Arram started to answer, but the Hag lifted Ramasu’s finger, and Arram found he could not say a word. Instead Preet began to talk, whistling, chirping, and muttering until she came to a halt.
The Graveyard Hag began to laugh. Preet said something else, and the goddess shook her captive’s head. “No, I won’t tell—this is far too amusing. Besides, I never let those snobs at home know anything interesting if I can help it. Your secret is safe with me.” She shifted on the seat and looked at Arram. “Mules, do your job, and I’ll make certain you have an extra good feed tonight,” she ordered. Then she cupped Arram’s face with Ramasu’s hand and lifted it so she could look into his eyes again. “You poor boy,” she said, and grinned. It was a broad grin, the kind Ramasu never made. Seeing it on his calm features made Arram queasy. “You have no idea what my cousins hold in store, do you? No one can tell. Here’s a bit of advice from a wicked old lady, for the sake of those beautiful brown eyes of yours. Watch what you say.”
As quickly as she had arrived, she was gone. Ramasu’s hand fell to his lap; the reins dropped to his knee. Arram seized them before they fell to the road. Preet leaped into the air, shrieking, and the master thrashed.
“Arram, what are you doing?” cried Ramasu.
Arram had one rein but not the rest.

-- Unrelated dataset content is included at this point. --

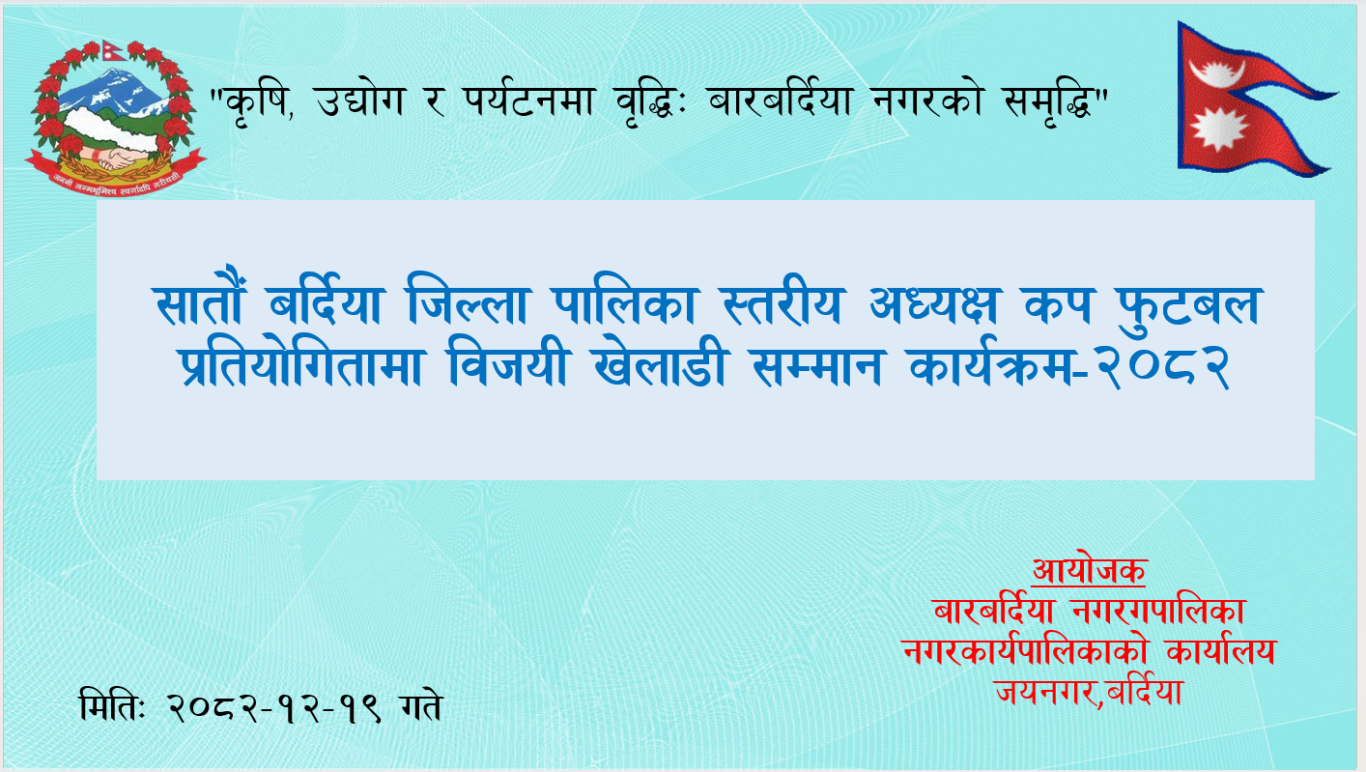 सातौं बर्दिया जिल्ला पालिका स्तरीय अध्यक्ष कप फुटबल प्रतियोगितामा विजयी खेलाडीहरुलाई सम्मान कार्यक्रम-२०८२

He was about to fall onto the road with them. The mules halted and looked back, ears switching.
Arram’s ears roared as Ramasu’s familiar Gift wrapped around him and deposited him on the seat. The reins hovered before him, held by the master’s power. Arram took them up.
Ramasu surrendered the one he still held while he cradled his brow in his hand. “My poor head,” he complained. “Do you have a water flask?”
Arram pointed at his belt. Ramasu took the flask and added something from his own belt pouch, then gulped the water down. “Thank you,” he said. He propped his head on his hands. “It will be a little while before the lozenge does its work. I’ll take the reins back then….Which god was it?”
Arram started, jerking the reins. Both mules glanced back with evil intent in their eyes. “Sir—how did you know?”
“I am not insensate, lad. There is a hole in my memory, you are holding the reins—badly, do not jerk on them like that—”
Arram loosened his pull on the leather straps.
“My head pounds, and everything I see shimmers with innate magic,” Ramasu said, rubbing his eyes. “A god did that. It has happened to me before. Which god? Or are you not permitted to tell?”
Arram saw no reason to keep that information back. “The Graveyard Hag, sir.”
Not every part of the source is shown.